Definition 6 Let \(X\) be a topological space and \(Y\) a metric space. Let \((f_n : X \rightarrow Y)\) be a sequence of functions. Then \((f_n)\) is locally uniformly convergent with limit \(f : X \rightarrow Y\) iff, for all \(x \in X\), there exists a neighbourhood \(N\) of \(x\) such that \((f_n \restriction N)\) converges uniformly to \(f \restriction N\).

Proposition 7 Let \(X\) be a topological space and \(Y\) a metric space. Let \((f_n : X \rightarrow Y)\) be a sequence of functions and \(f : X \rightarrow Y\). If \(X\) is compact and \((f_n)\) is locally uniformly convergent with limit \(f\), then \((f_n)\) converges uniformly to \(f\).

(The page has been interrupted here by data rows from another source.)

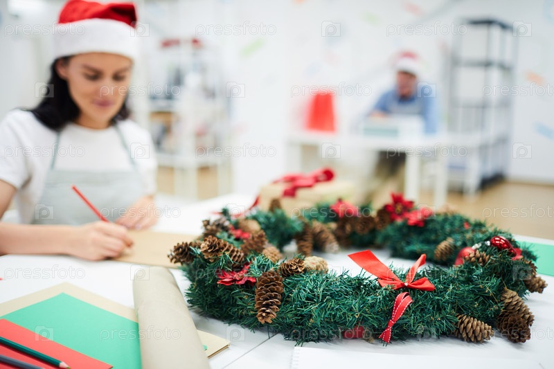Рождественский венок на офисном столе
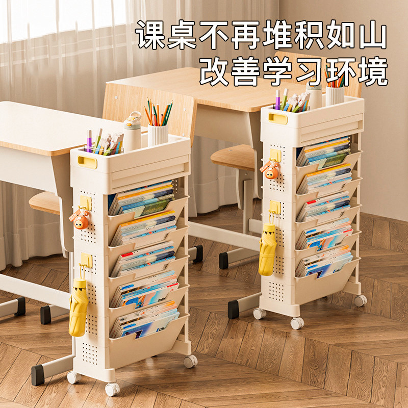 可移动桌边书架书桌收纳置物架学习桌侧边收纳书桌旁小书架儿童不占空间学生教室高中生书包书本书籍课桌神器
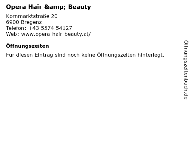 | Öffnungszeiten Opera Hair & Beauty in Bregenz anzeigen | |
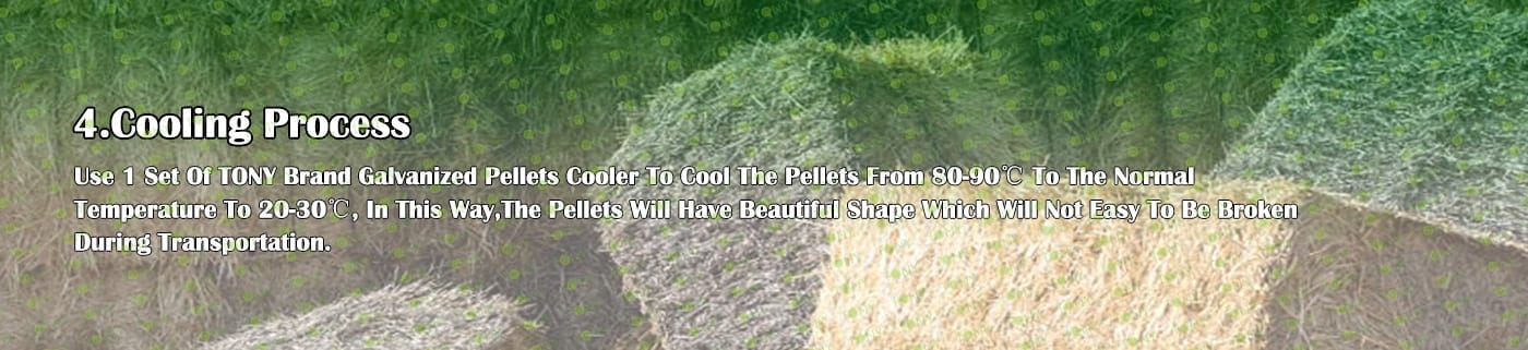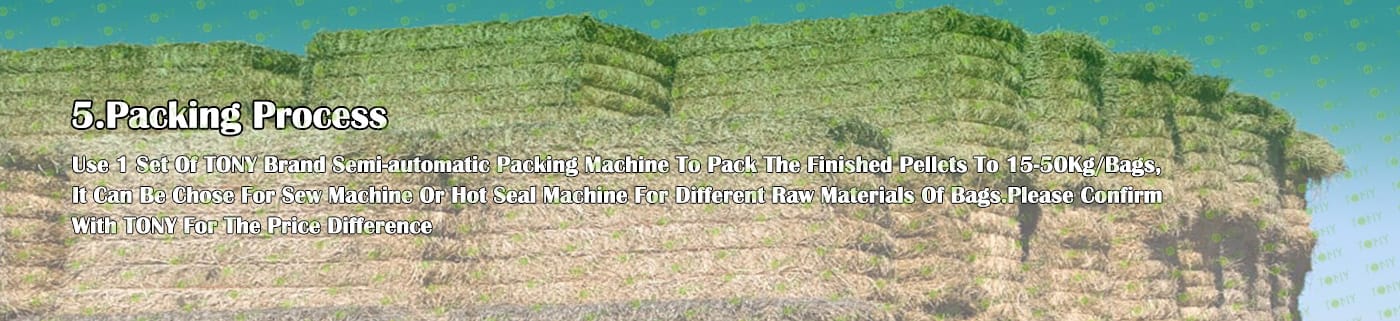 6. Main Equipment: Straw Cutter -TPX80-22KW, Multifunctional Hammer Mill- TFQ65*55-37KW, TONY Pellet Machine-TYJ551-III-90KW, Galvanized Pellets Cooler, Semi-automatic Packing Machine and Belt Conveyors
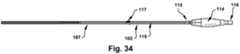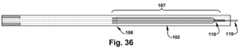 多枝型清掃部材107を駆動する場合、分枝109がそれらのそれぞれの内腔105から完全に引き抜かれるほどまで多枝型清掃部材107が後退されないことが好ましい。なぜなら、チューブ102が患者内に挿入されている臨床的状況では、分枝109を再び位置合わせしてそれぞれの内腔105内に挿入することが困難、おそらくは不可能になり、また、チューブ内のマルチルーメン領域の可視化が不可能になるか又は妨害され得るからである。代替的には、マルチルーメン領域を可視化することができる場合であっても、全ての分枝109をそれらの関連する内腔105と再び位置合わせして再挿入することが困難になり得る。例えば、図35及び図36(以下でより詳細に論じる)は、医療用チューブ102の遠位のマルチルーメン領域内を進む様々な段階にある、図22及び図23に関して上述した多枝型清掃装置107の側面図を示している。図35では、清掃部材107は、その分枝109が個々の内腔の遠位端部付近まで貫入するように完全に挿入されており、その一方、図36では、清掃部材107は、分枝109がマルチルーメン領域から実際上完全ではないが略完全に引き抜かれるように後退されている。図36に示す程度を超えて、すなわち、分枝109が医療用チューブ102のマルチルーメン領域におけるそれらの関連する内腔から完全に引き抜かれる程度まで多枝型清掃部材107を後退させることは望ましくない。  When driving the
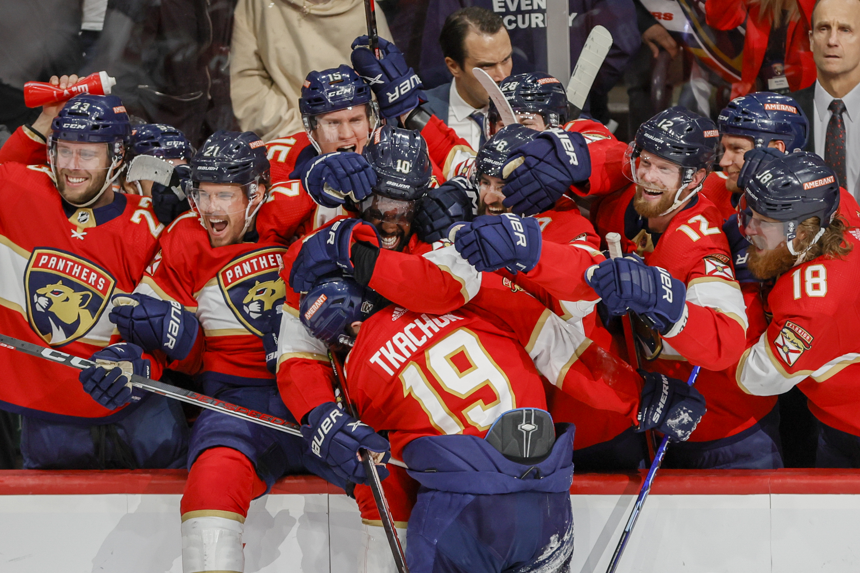要指出的是,热火的同州NHL(冰球)球队佛罗里达美洲豹(42胜40负)在季后赛首轮对阵联盟第一的波士顿棕熊(65胜17负),他们在1-3落后的情况下连胜3场在客场完成“黑八奇迹”;次轮4-1淘汰多伦多枫叶,东决4-0横扫卡罗莱纳飓风,闯入斯坦利杯决赛将对阵维加斯黄金骑士。
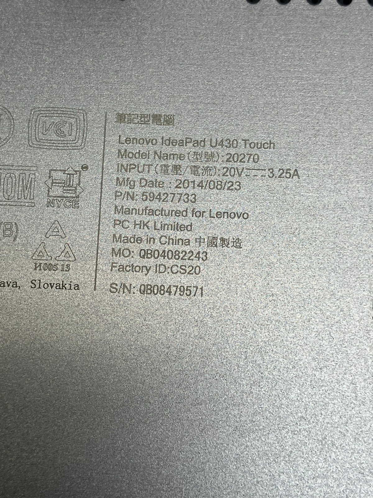 MPN: IDEAPAD U430 TOUCH, 59427733
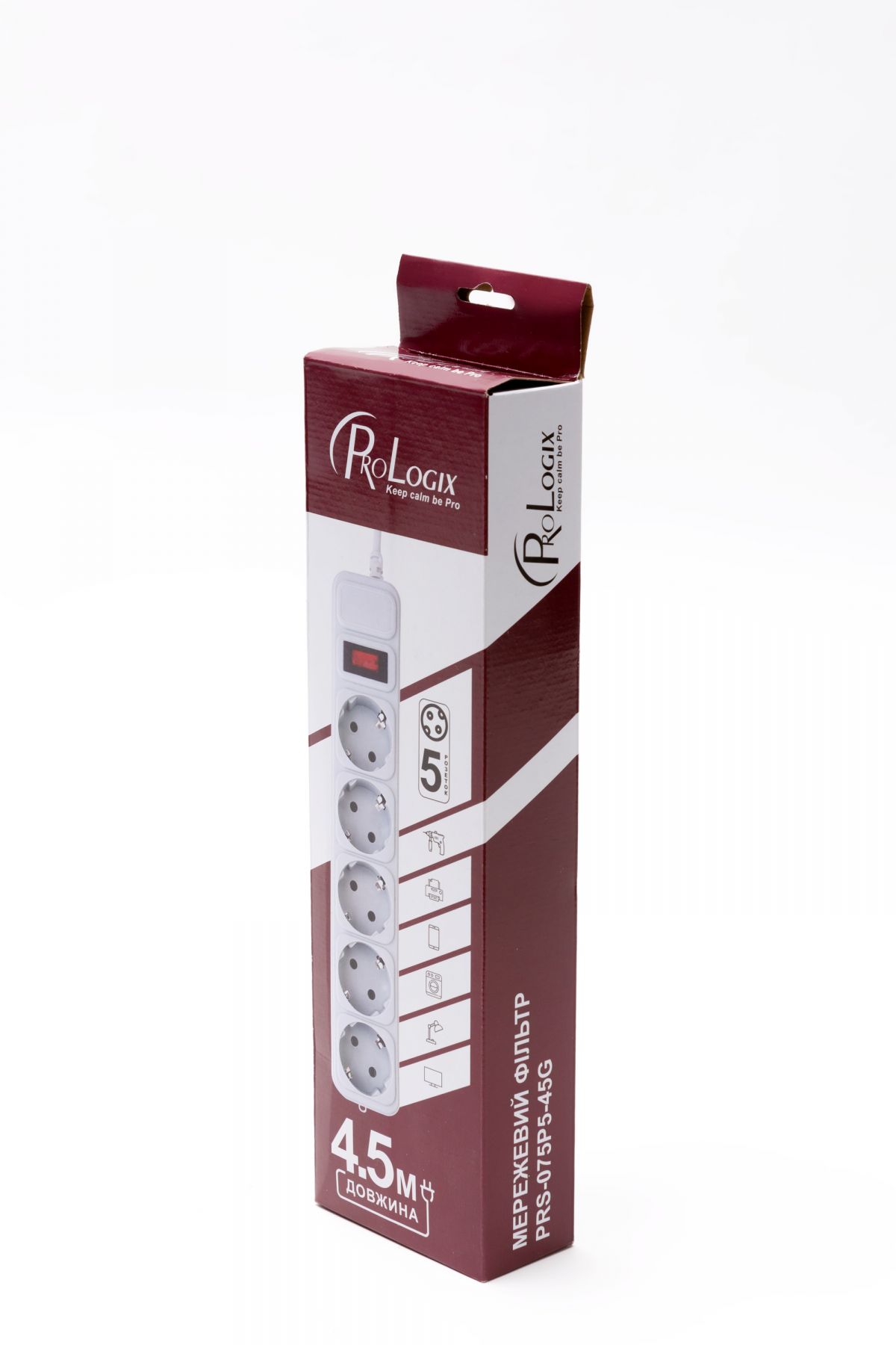 Фільтр живлення ProLogix (PRS-075P5-45G) 0.75 мм, 5 розеток, 4.5 м, сірий

Proof We have \(\{ U \text{ open in } X : (f_n \restriction U) \text{ converges uniformly to } f \restriction U \}\) is an open cover of \(X\). Pick an open subcover \(\{U_1, \ldots, U_k\}\). Let \(\epsilon > 0\). Pick \(N_1\), ..., \(N_k\) such that, for all \(x \in U_i\) and \(n \geq N_i\), we have \(d(f_n(x),f(x)) < \epsilon\). Let \(N = \max(N_1, \ldots, N_k)\). Then, for all \(x \in X\) and \(n \geq N\), we have \(d(f_n(x),f(x))<\epsilon\). \(\Box\)

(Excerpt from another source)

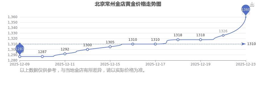 因各門店黃金價格報價有差異,具體以當(dāng)?shù)亟鸬挈S金報價為準(zhǔn),此黃金價格數(shù)據(jù)僅供參考,不做任何購買黃金首飾交易根據(jù)。
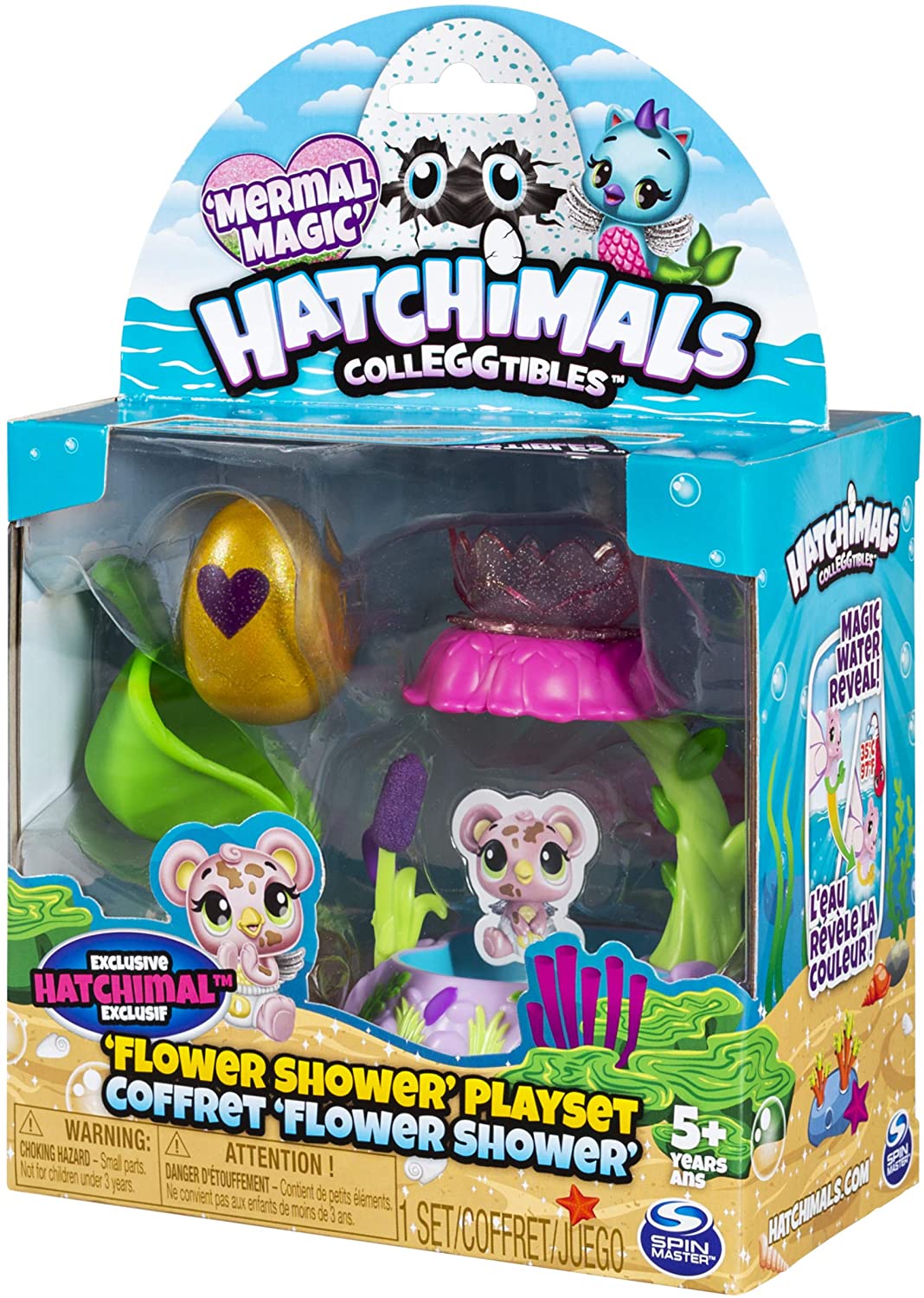 After HatchiBabies romp through Mischief Marsh, they need a Flower Shower! Give your muddy HatchiBaby (included) a scrub-a-dub-dub in this super-cute playset and see their mud spots disappear! The fun begins when you place your exclusive HatchiBaby in the pool and fill the leaf bucket with water. Tip the water from the leaf bucket into the sparkly pink flower blossom, then twist the blossom to start the shower! As the water sprinkles over your muddy HatchiBaby, use the removable purple cattail for scrubbing! With a few strokes, their muddy spots will magically disappear! Once your HatchiBaby is nice and clean, wipe them down with the leaf towel and hang the towel on a branch to let it dry. Since HatchiBabies get dirty quickly, you can bathe your lil’ cutie again and again! You can even give other Season 5 Hatchimals CollEGGtibles a shower and use the pond to reveal their magical underwater color change! Turn your messy HatchiBabies into squeaky-clean cuties with the magical Flower Shower Playset.

Definition 8Let \(X\) be a topological space and \(\{A_i\}_{i \in I}\) a family of subsets. Then \(\{A_i\}_{i \in I}\) is locally finite iff, for all \(x \in X\), there exists a neighbourhood \(N\) of \(x\) that intersects \(A_i\) for only finitely many \(i\).

Proposition 9 Let \(X\) be a topological space and \(\{A_i\}_{i \in I}\) a family of subsets. If \(X\) is compact and \(\{A_i\}_{i \in I}\) is locally finite then \(\{i \in I : A_i \neq \emptyset\}\) is finite.

Proof \(\{U \text{ open in } X : U \text{ intersects } A_i \text{ for only finitely many } i\}\) is an open cover of \(X\). Pick a finite subcover \(\{U_1, \ldots, U_n\}\). For \(j = 1, \ldots, n\), let \(I_j = \{ i \in I : U_j \text{ intersects } A_i \}\), which is finite. Then \(\{ i \in I : A_i \neq \emptyset\} = I_1 \cup \cdots \cup I_n\). \(\Box\)

Definition 10 Let \(X\) be a topological space and \(A \subseteq X\). Then \(A\) is locally finite iff every point in \(X\) has a neighbourhood whose intersection with \(A\) is finite.

Proposition 11 Let \(X\) be a topological space and \(A \subseteq X\). If \(X\) is compact and \(A\) is locally finite then \(A\) is finite.

Proof \(\{U \text{ open in \} X : U \cap A \text{ is finite} \}\) is an open cover of \(X\). Pick a finite subcover \(\{U_1, \ldots, U_n\}\). Then \(U_i \cap A\) is finite for each \(i\) and so \(A = (U_1 \cap A) \cup \cdots \cup (U_n \cap A)\) is finite. \(\Box\)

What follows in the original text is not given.